As for exercise, although being active during the day aids sleep, anything strenuous is to be avoided before bedtime. A lot of advice for preventing night-time “awakenings” falls under the umbrella of what has come to be known as “good sleep hygiene”: restrict the bedroom to sleep and sex, ban screens emitting blue light, keep to regular bedtimes and so on.
Our bedrooms – even our beds – have come to double as home cinemas, offices, “a dining room, maybe,” says the sleep consultant Maryanne Taylor. “You would be amazed at how significant that is for sleep. You’re training to associate your bed with wakefulness.” For that reason, if you do struggle to fall back asleep on waking up during the night, the advice is to get up for a bit. “Don’t just lie there – it’s counterproductive.”
So, too, is looking at the clock, especially if it doubles as your phone. “As soon as your brain has registered that it’s 2 a.m., you convince yourself that that’s your lot,” says Taylor. Such worry loops might be waking you up in the first place.
For many of us, bedtime might be our first opportunity of the day to be alone with our thoughts, she says. “It’s connected to waking in the night because, if we haven’t had any processing time during the day, it’s the first time we stop and just be.” Managing stress and anxiety during waking hours and learning how to relax body and mind are key to a good night’s sleep – but ironically, fixating on getting your full eight hours can make it harder to achieve. “You get this awful self-fulfilling prophecy that’s quite hard to break,” says Fischer.
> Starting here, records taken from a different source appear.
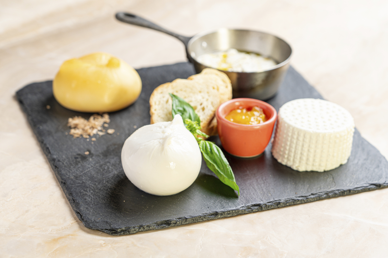 自家製リコッタチーズ、ホエーの泡、ブラウンチーズとリコッタサラータにキャビア
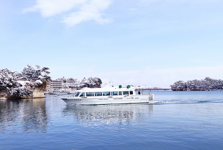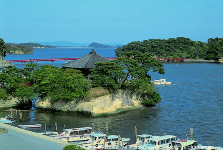 【松島灣遊船】松島是散佈在松島灣一帶260多個大小島嶼所構成島嶼群的總稱。灰白色的岩石上挺立著茂密的松樹,在此可以觀賞到日本極具代表性的海灣風貌,並因季節而產生各種美麗變化。日本著名俳句大師松尾芭蕉就曾讚歎松島為「扶桑第一絕景,可與洞庭、西湖媲美」。松島也與宮津市的『天橋立』、廣島縣的『宮島』,並稱為「日本三景」。 遊覽松島最好的方式就是搭乘遊覽船,在藍天白雲之下能輕鬆飽覽諸多小島的秀美風光,沿途還可以看到成群生機勃勃的海鷗。而分別位於松島灣東、南、西、北四個方位的大高森、多聞山、扇谷和富山,則被合稱為「松島四大觀」,從這四處可以眺望到不同神態的松島風光。
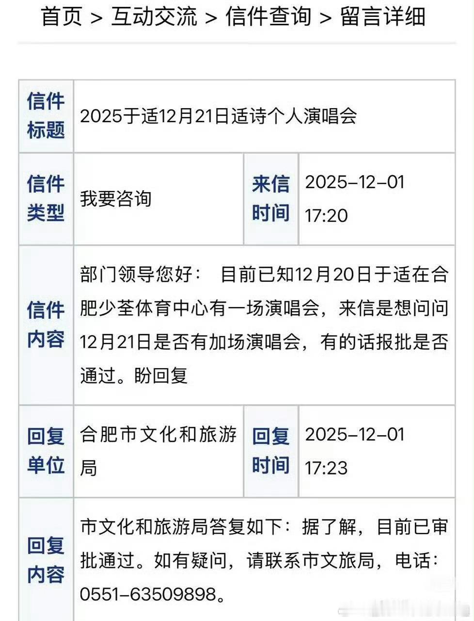 于适12.20号合肥演唱会门票秒售罄后,21号加场啊,这回复是已审批通过
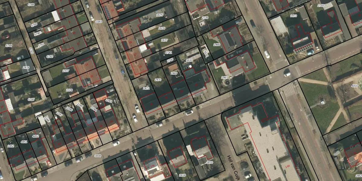 Het adres ligt op het perceel CUI00-C-2469, dat zich in de kadastrale gemeente Cuijk bevindt. Het perceel is 241 m² groot. Dat is kleiner dan de gemiddelde perceeloppervlakte in Cuijk, dat op 3869,84 m² ligt. Het grootste perceel in de kadastrale gemeente is 72,5 ha. Het kleinste perceel heeft een oppervlakte van 0 m². Er zijn geen andere adressen aanwezig op het perceel. De laatste wijziging in het de Basisregistratie Kadaster (BRK) was op 14-02-2006.
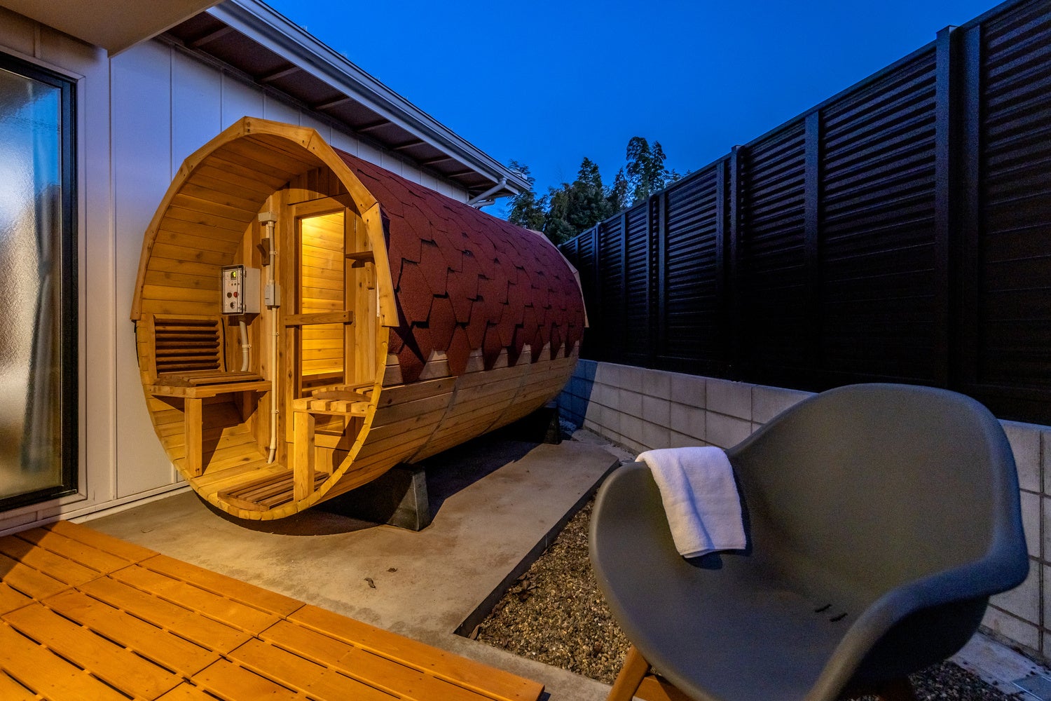 すべてのお部屋にバレルサウナも完備しており、快適なご滞在をお届けいたします。

A mindset change may be what’s needed. “People might have this belief that they are a ‘bad sleeper’ and there is nothing that they can do about it. Sometimes it’s about changing people’s perceptions of what good sleep looks like.” Taylor says she “really cannot bear” fitness trackers, which monitor sleep, for focusing people’s minds on often inaccurate data. It is wrong to assume that you must sleep through the night, every night, she says. “We all have blips in our sleep – it’s never going to be that you sleep brilliantly all the time.”
But accepting that – even as you lie awake, hours before dawn – might be the first step towards it.